BB Wolf and the Three LPs
Reviewed by Martin Skidmore 01-Dec-10
The first name in the title will make you think of two blues giants, and the last term sounds musical too – but you’ll probably have also spotted the fairy tale reading.
I’m not quite convinced by this. The first name in the title will make you think of two blues giants, and the last term sounds musical too – but you’ll probably have also spotted the fairy tale reading. These two strands are insufficiently integrated, in that while we see BB play the blues a bit, his status as a blues musician is utterly irrelevant to the story and even his character.

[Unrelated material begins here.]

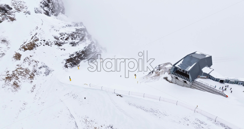 Aerial drone view of Portavescovo covered in snow, in Arabba, Italy Royalty Free Stock Video Footage

The story equates wolves and pigs with blacks and whites in the Mississippi of 90 years ago. Pace Art Spiegelman, I am never convinced of the virtues of telling tales of racism via different types of animals, mostly because I think it exaggerates the differences when we need to go the other way. Also, the difference in physical capability between wolves and pigs makes the power balance hard to read as being so much towards the pigs. I’m also slightly uneasy with “weren’t things bad back then?” stories because I think that is too often a way of eliding what is still bad today, of congratulating ourselves for how things are better.
Bizarrely, anything resembling the real racism of the time and place seems to have been found insufficient as a driver for the story, involving revenge by the wolf – Arnold makes up a law as a way for the Littlepig family to take the Wolf family’s farm from them. I’d have thought there was plenty to motor the revenge story there and then without having to make stuff like that up (assuming I am right, and it wasn’t the reality) – this seems to imply less negativity towards the reality of the time.
So after that, it’s BB Wolf versus the three Littlepig brothers, complete with some cursory gangster stuff and nods to big business. There is too much of a “that’ll do” feel to the story, lots of places where a little more substance was needed. This extends to the lettering – not only a few spelling errors, but the fact that it is visibly pasted on, the art underneath muddying it.
The art’s pretty good, reminding me a bit of Michael Gilbert, with hints at times of Ingels or Wrightson. It struggles here and there (how do you draw wolves kissing without giving them Tex Avery lips?), and it often seems to crop its images a touch too tightly. I also felt it needed extra pages here and there – a good example would be the late yell of “I’m the god damned big bad wolf!” desperately wanting a panel more than a sixth of a page in size, to give the artist the chance to make that moment hit you.
So it’s not bad, and I am impressed by the title, but I think I’d have asked for a bit more in various places in this; it feels like it’s nearly very good, but falls a little short.